The poet William Stafford’s 100th birthday would have been yesterday, January 17. His centennial is being celebrated through the year across Oregon and around the world. I attended the kick-off event today. His son Kim spoke for about his father, read some of his work, and generously shared what seemed to motivate his father’s life and his art. For me, it was confirmation of poetry being a discipline, a habit to be cultivated, not inspiration teased out from a mischievous muse. Above all, it was a call to believe in your own work.

Here are my notes about William Stafford’s daily writing practice:

Rise at 4:00 am. This was a practice that began in conscientious objector’s camp during World War Two. The COs did manual labor during the day but decided to have a university before going to work.
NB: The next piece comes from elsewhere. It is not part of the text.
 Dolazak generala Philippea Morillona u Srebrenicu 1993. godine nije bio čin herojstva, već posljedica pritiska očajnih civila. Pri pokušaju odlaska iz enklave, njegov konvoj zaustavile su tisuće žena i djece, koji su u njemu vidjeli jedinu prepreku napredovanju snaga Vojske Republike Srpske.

They all rose at four and those with training taught others about the subjects they knew — philosophy, music, painting, science. After the war he continued the practice with his writing.

Go for a walk or a run. Lie down. “My poems are happy because I am comfortable,” he said.
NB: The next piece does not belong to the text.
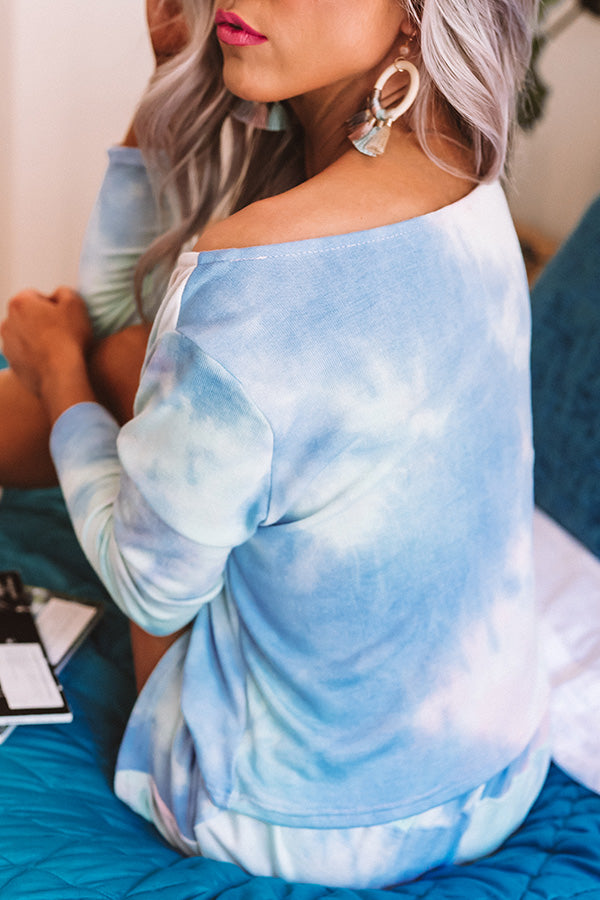 Relax in the most stylish way with our adorable 'Sorbet Kisses' top featuring soft lightweight material patterned with blue and pink hued tie dye, a wide rounded neckline that can be worn off one shoulder, 3/4-length form fitting PIKO sleeves, and a relaxed silhouette that falls into a straight cropped hemline!

Write the date at the top of the page. “Then I know I’m going.”

Write anything ordinary, daily events,  random thoughts. 
“When in doubt or blocked, lower your standards and keep going.”
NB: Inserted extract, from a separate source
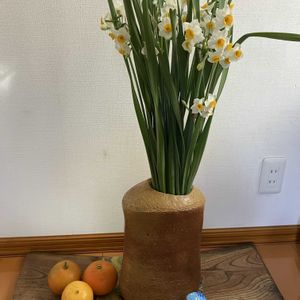 こんばんは♪ 千葉から戻った夫のお土産 水仙の花と色々なみかん🍊 1️⃣さっそく水仙を花瓶に どかっと 下に橙とネーブル 2️⃣水仙の花 八重咲きもあるヨ 土手から刈って来たようです♪ 3️⃣温州みかんと柚子と橙 ネーブルオレンジ🍊美味しい😋 4️⃣5️⃣今日公園で 開けてる場所なので カイトがいくつも飛んでました🪁 青空がとても綺麗でした♪

Write an aphorism.  Examples:
“From high cliffs it is courtesy to let others go first.”
“You be the dog, I’ll be Pavlov.”

Then write something that is sort if like a poem. He wrote stuff I would never write, said Kim. Very ordinary. Boring.  “If I don’t welcome all my ideas, soon even the bad ones won’t come,” he said.

Weekly he typed up about one of eight of the pages he wrote and submitted them to different publications. Once he had faith in a poem he sent it off and often they would get rejected over and over, sometimes continuously over a span of twenty years!  “Traveling Through the Dark” (my favorite of all his poems) was rejected nine times. I have seen the original — he kept records on the original of the rejections. I told Kim afterwards how impressed I was with this, since the poem strikes me every time I read it. He said, “yeah you really have to believe in what you’re doing.”

William Stafford wrote 22,000 of these daily pages. That is an average of a page a day for sixty years. From these pages he culled and published sixty books, won the National Book Award, became poet laureate and one of the most loved  American writers of the twentieth century. Here is Traveling Through the Dark.

Traveling Through the  Dark.

Traveling through the dark I found a deer
dead on the edge of the Wilson River road.
It is usually best to roll them into the canyon:
that road is narrow; to swerve might make more dead.

By glow of the tail-light I stumbled back of the car
and stood by the heap, a doe, a recent killing;
she had stiffened already, almost cold.
I dragged her off; she was large in the belly.

My fingers touching her side brought me the reason–
her side was warm; her fawn lay there waiting,
alive, still, never to be born.
Beside that mountain road I hesitated.

The car aimed ahead its lowered parking lights;
under the hood purred the steady engine.
I stood in the glare of the warm exhaust turning red;
around our group I could hear the wilderness listen.

I thought hard for us all–my only swerving–,
then pushed her over the edge into the river.

–William Stafford

2 responses to “Happy 100th Birthday William Stafford

  1. Stafford may be my favorite poet. I have used him as a muse, though I never met him. I have not understood (and yet, of course, I do) why he is so little appreciated in “important” (academic) circles, and considered mostly a “regional” poet. I am a lifelong New Englander yet more sympathetic to Stafford than to Robert Frost……something about his humility, compassion, no-bullshit and his quiet joy.
    I’m glad his birthday is cause for celebration out there in Oregon, though it wouldn’t faze him either way. From his own words:
    “…it is important that awake people be awake
    or a breaking line may discourage them back to sleep;
    the signals we give –yes or no, or maybe–
    should be clear: the darkness around us is deep.”

    • He is mine too. I met him once and saw him read his poems. He read from a folded up wad of paper he pulled from his pocket, like a school kid might. The two words that come to mind in trying to capture my impression of him are “humble” and “lion-hearted.”